Independent thesis Advanced level (degree of Master (Two Years)), 20 credits / 30 HE credits
The work presented in this document deals with Machine learning algorithms used in
surgical robotic problems, especially here in the Isis project. The aim of the project is
to replace manual handles for endoscopic operations by a set of motors commanded
via high-tech interface. The main aim of the thesis is to solve the problem of the
estimation of the pose of flexible surgical instrument, using only the video flux from
an endoscopic camera.
After a short introduction about the system its environment and the definition of the
pose problem, the work is divided in two chapters. Machine learning algorithms and
learning systems are used in both parts.
The first chapter deals with image processing and video tracking. Usage of colored
markers and how the learning is made to perform the best segmentation is explained.

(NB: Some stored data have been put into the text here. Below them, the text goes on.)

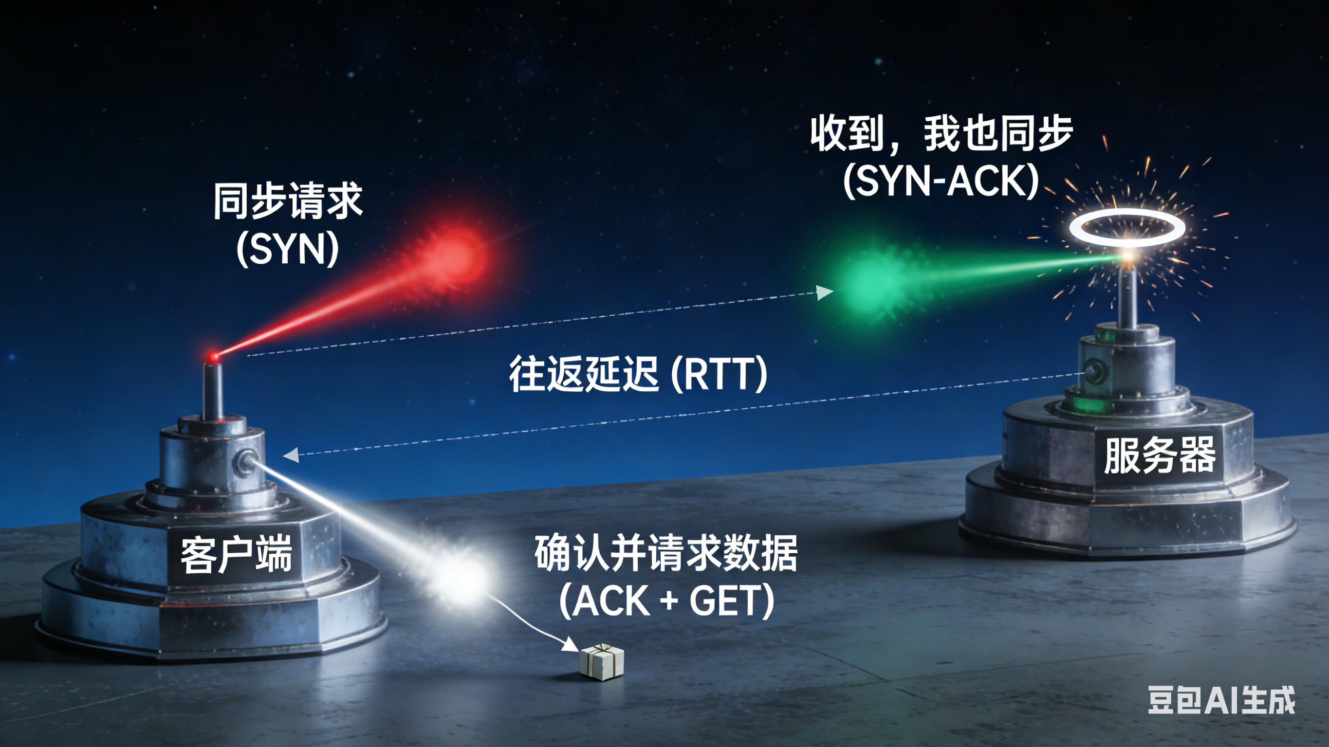 - 每个连接:1-3个RTT(往返时间)的握手开销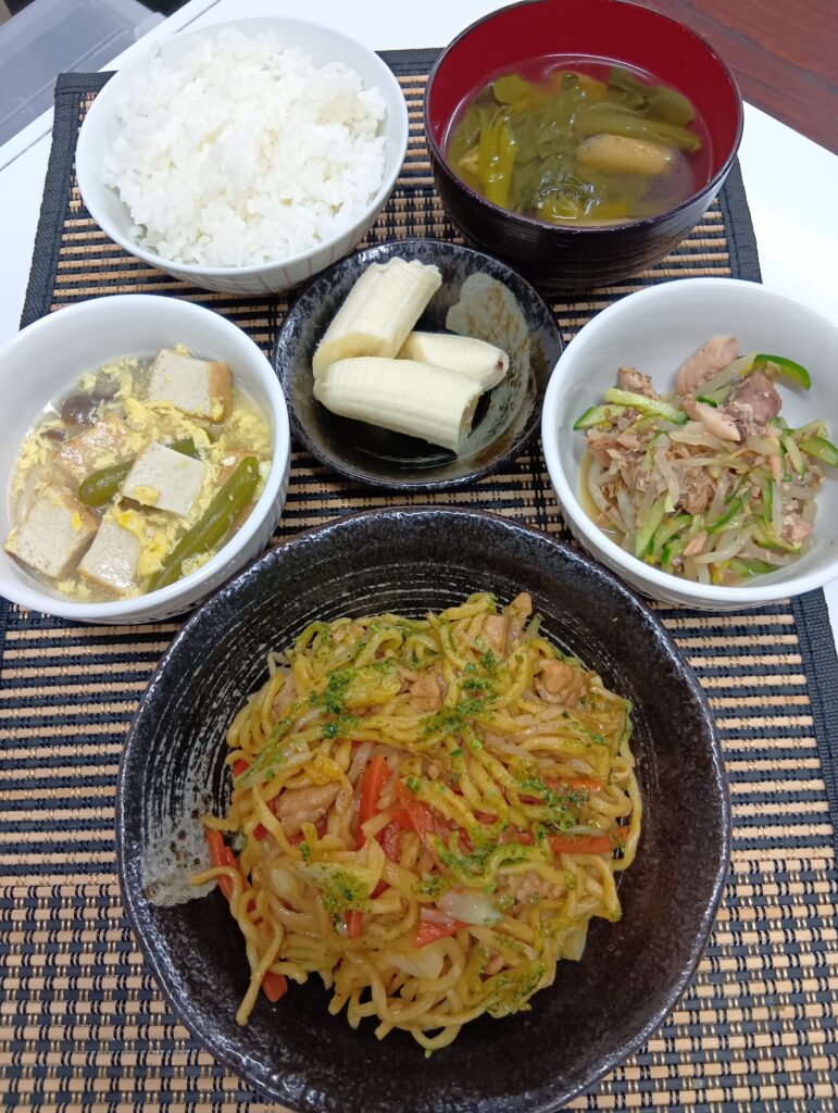 • 焼きそば、厚揚げ玉子とろとろ煮、鯖きゅうり🥒和物、菜の花汁、ご飯、バナナ🍌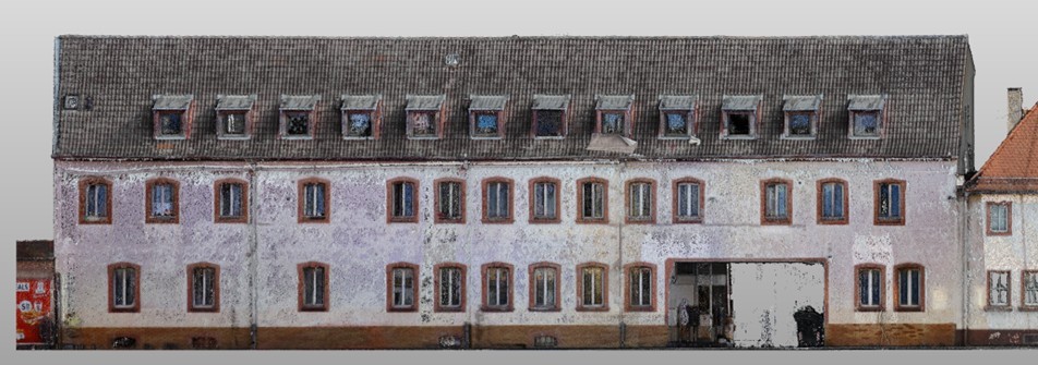 Fünf Tage Laserscanning-Aufmaß vor Ort; außen in Farbe, um die Außenwände mittels farbigen Orthophotos gut sichtbar zu zeigen. Komplettes Innenaufmaß aller Räume.

It starts with simple linear classification to end with an Adaboost algorithm. The
learning database construction and all the challenges it raises are explained too.
Then the tracker used in the system is decomposed and its structure explained. The
results of the whole tracking system are presented at the end of the chapter.
The second chapter deals with function approximation: we build Radial Basis
Function networks in order to approximate the final position of the instrument (or its
mechanic parameters) from the data extracted by the tracking system. Learning
algorithms are used too. The learning training set is built in a laboratory environment
where the real position of the instrument can be measured.
The last chapter is a collection of improvements that could be added to the system
and opens on future perspectives about the project in general.